=== Assigned task ===
The data below is to be written out exactly, with no pictures.

=== Information supplied ===
────────────────────────────────────────
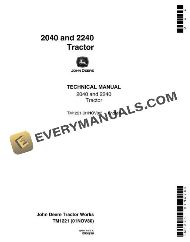 John Deere 2040 2240 Tractor Technical Manual TM1221 PDF
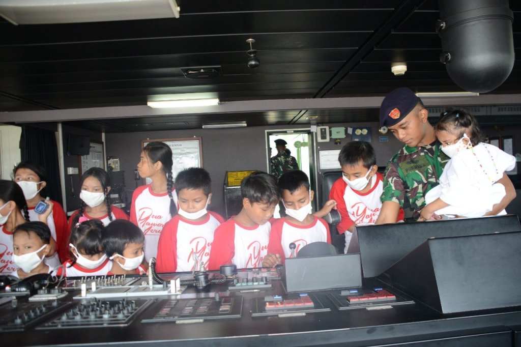Wisata edukasi “warship tour” yang dicanangkan oleh Komando Lintas Laut Militer sebagai wahana untuk publikasi alusista TNI AL menjadi daya tarik tersendiri bagi kaum pelajar untuk mengobati rasa ingin tahu dan rasa penasarannya tentang segala hal yang ada di kapal perang. Pandemi Covid-19 yang belum dinyatakan berakhir tidak menyurutkan para pelajar dari SD/SMP Sekolah Darurat Kartini Penjaringan Jakarta Utara dan Yayasan Islam as Sa’Adah Raudhatul Athfal Pondok Kopi, Duren Sawit, Jakarta Timur untuk berkunjung ke kapal perang di Kolinlamil. Dengan tetap menerapkan protokol kesehatan para pelajar dengan penuh antusias menaiki KRI Banda Aceh-593 yang saat ini sedang sandar di dermaga Mako Kolinlamil, Tanjung Priok, Jakarta Utara, Senin (20/6/2022).
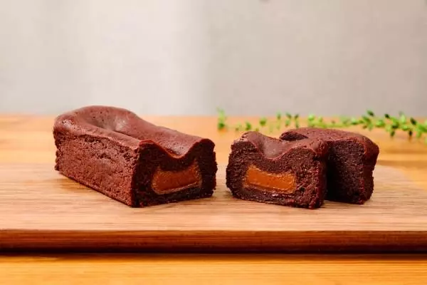 そんなベテランシェフの飯塚さんが考案した『生キャラメル入りテリーヌショコラ』。お店でひとつひとつ手づくりで焼き上げています。もちろん素材にもこだわっていて、使用するのはヴァローナ社のチョコレートと、平飼いで育てられた新潟村上オークリッチの卵、発酵バター、砂糖のみ。保存料無添加かつグルテンフリーなので、おいしいだけでなく安心していただけます。
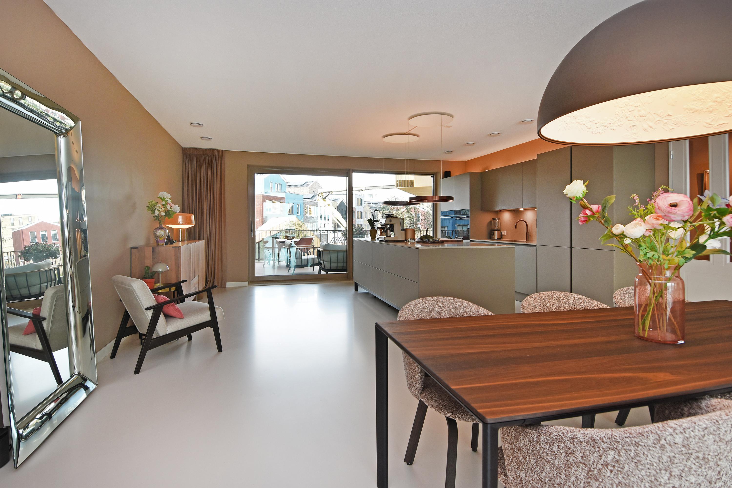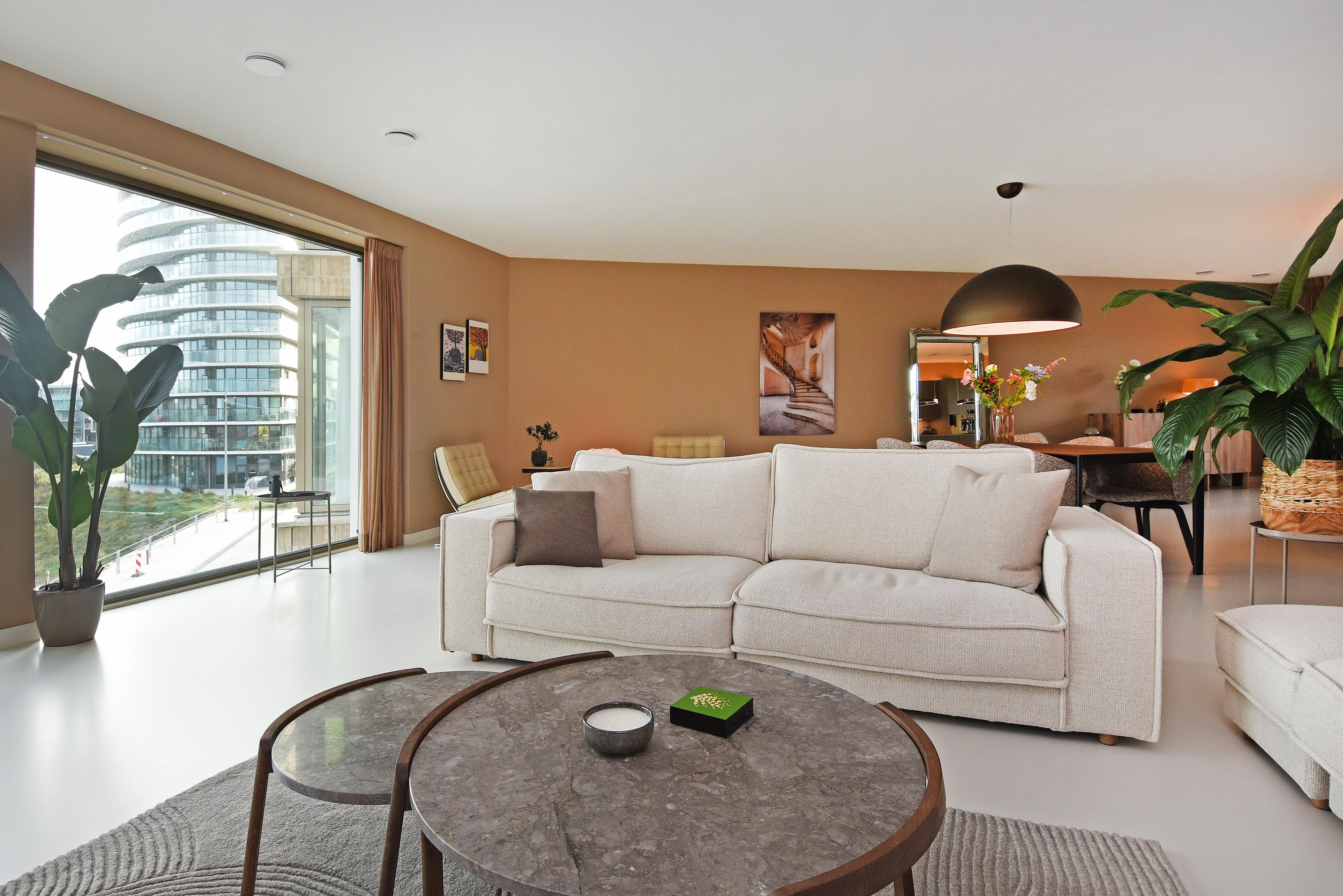Apartment Den Haag with sea views offers a rare fusion of modern architecture and understated luxury. Situated in Scheveningen, this high-end apartment spans 135 m² and features expansive floor-to-ceiling windows that frame the panorama of the harbour and the North Sea. The living area flows seamlessly into a designer kitchen with a cooking island and integrated luxury appliances. Sliding doors invite the outdoors in, connecting the main living space to a private 29 m² balcony overlooking a landscaped courtyard, perfect for quiet afternoons or evening gatherings.
────────────────────────────────────────
=== Finished exercise ===
 John Deere 2040 2240 Tractor Technical Manual TM1221 PDF
Wisata edukasi “warship tour” yang dicanangkan oleh Komando Lintas Laut Militer sebagai wahana untuk publikasi alusista TNI AL menjadi daya tarik tersendiri bagi kaum pelajar untuk mengobati rasa ingin tahu dan rasa penasarannya tentang segala hal yang ada di kapal perang. Pandemi Covid-19 yang belum dinyatakan berakhir tidak menyurutkan para pelajar dari SD/SMP Sekolah Darurat Kartini Penjaringan Jakarta Utara dan Yayasan Islam as Sa’Adah Raudhatul Athfal Pondok Kopi, Duren Sawit, Jakarta Timur untuk berkunjung ke kapal perang di Kolinlamil. Dengan tetap menerapkan protokol kesehatan para pelajar dengan penuh antusias menaiki KRI Banda Aceh-593 yang saat ini sedang sandar di dermaga Mako Kolinlamil, Tanjung Priok, Jakarta Utara, Senin (20/6/2022).
 そんなベテランシェフの飯塚さんが考案した『生キャラメル入りテリーヌショコラ』。お店でひとつひとつ手づくりで焼き上げています。もちろん素材にもこだわっていて、使用するのはヴァローナ社のチョコレートと、平飼いで育てられた新潟村上オークリッチの卵、発酵バター、砂糖のみ。保存料無添加かつグルテンフリーなので、おいしいだけでなく安心していただけます。
Apartment Den Haag with sea views offers a rare fusion of modern architecture and understated luxury. Situated in Scheveningen, this high-end apartment spans 135 m² and features expansive floor-to-ceiling windows that frame the panorama of the harbour and the North Sea. The living area flows seamlessly into a designer kitchen with a cooking island and integrated luxury appliances. Sliding doors invite the outdoors in, connecting the main living space to a private 29 m² balcony overlooking a landscaped courtyard, perfect for quiet afternoons or evening gatherings.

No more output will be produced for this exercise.